Discombobulated

For some reason as I welcome the New Year the word discombobulate is foremost in my mind. I wasn’t even sure if it was a real word or not so I Googled it. The word means, “Cause to be confused emotionally, or to be confusing or perplexing; cause to be able to think clearly.” I’m smarter than I thought I was, for the word discombobulate fits me to a tee right now.


A new year always evokes different emotions in me, excitement, fear, agitation, calm, sorrow, and happiness. I feel the need to clean out drawers and closets, to discard things in my life that are not needed. Not just old clothes or shoes, but feelings of insecurity and doubt. I am anxious of what might happen in my writing career this year. Will I ever find an agent? Did I make the right decision last week when a publishing company sent me a contract for my new novel, “The Color of My Heart” and I turned it down? If there is one thing I’ve learned in my almost fifty-three years it’s to follow my instincts. If something doesn’t feel right, then you better listen to that sixth sense and step away.

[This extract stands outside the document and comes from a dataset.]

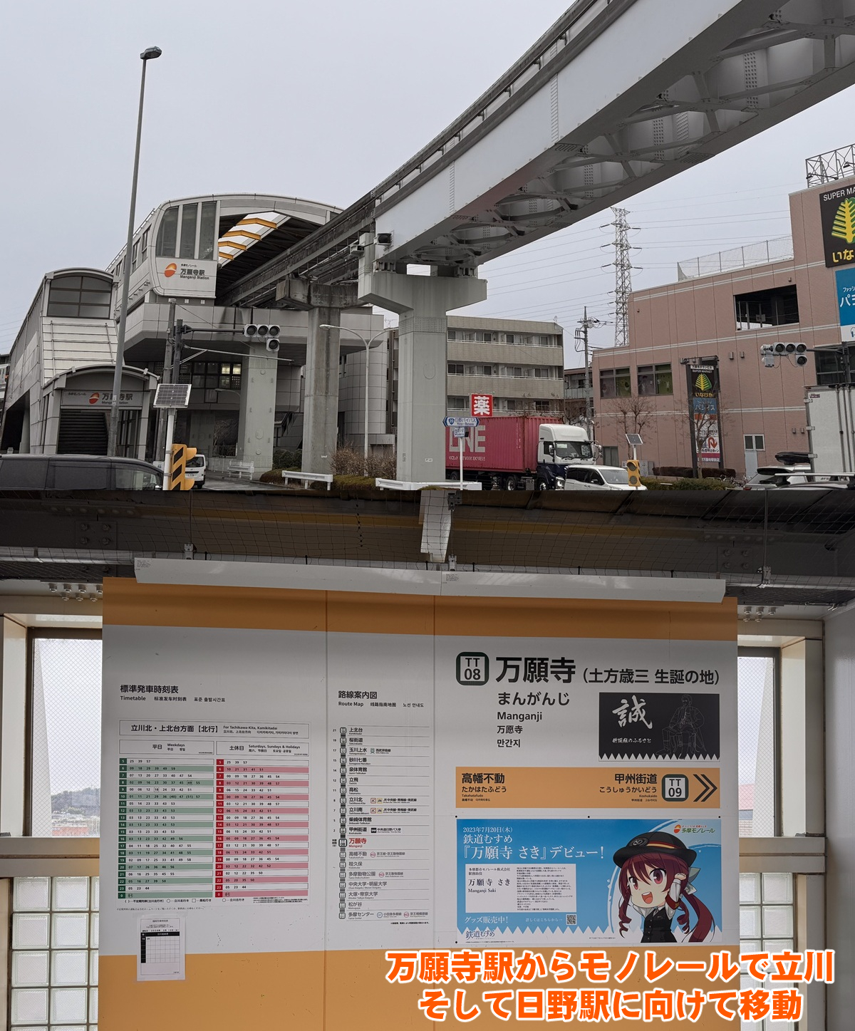 高幡不動尊で土方歳三の銅像を見た筆者は1度、高幡不動駅に戻り北口から「MD2026:日野、ふれあい橋」を開始。

What about a little self-pity too? No one understands the life of a writer unless you’re a writer yourself. When family or friends ask me what I’m doing and I say, I’m working; they think that means I’m sitting at my computer playing games on facebook. People in general just don’t get it when you try to explain how many hundreds of hours goes into a ninety thousand-word novel. Not just the initial writing of it but the editing, re-writing and then all the query letters to agents and publishers. Can I get an “Amen” from all you other writers out there?


Seriously, I’m not crazy about trying to market my work myself. I’d much rather be creating a new story. That’s why I am desperately trying to find an agent, someone to go to bat for me with the big boy publishing companies. Small publishers like Lucky Press that published my first novel are great to work with on a personal level. I am so thankful to Janice Phelps Williams for saying yes to “Guardian Spirit”. Janice is the one who told me I should look for an agent. Why, because she wants the best for me and has confidence in my work.


Long suffering is something that a writer must have. I believe that most authors who self-publish just run out of patience. After dozens or hundreds of rejections they lose hope of ever finding a traditional publisher. I truly do understand. I’ve come to realize that most of the queries that I send out are not even looked at. The literary world is kind of like Hollywood or the White House. You’ve got to know somebody to get in.


I don’t believe in luck, even though I did feel pretty lucky back in 2010 when Lucky Press published my novel. I do however believe in hard work, persistence and perseverance. My motto is, “Ideas won’t work unless I do.” If I don’t have any queries out there I have no hope of getting a yes. I feel sure Random House Publishing is not going to show up at my front door offering me a couple of million dollars to publish my next novel.


As writers we’ve got to get our work in front of agents and publishers. We have to take ourselves seriously even if no one else does. In my discombobulated state I resolve to keep on doing what I know I must do. Knock and the door shall be opened, seek and you shall find.


This year I will continue my journey looking for an agent or publisher that feels right, and in the mean time I plan on finishing my fourth novel, tentatively titled, “The River Keeper.”  While the cold winter wind howls through the pines I will snuggle up with my pencil and pad penning another work. And if it is meant to be I’ll have that next novel out there for all who have been asking very soon. Thanks to you who encourage me with a kind word. And to other discombobulated writers like me we must keep the faith. Remember, it only takes one yes.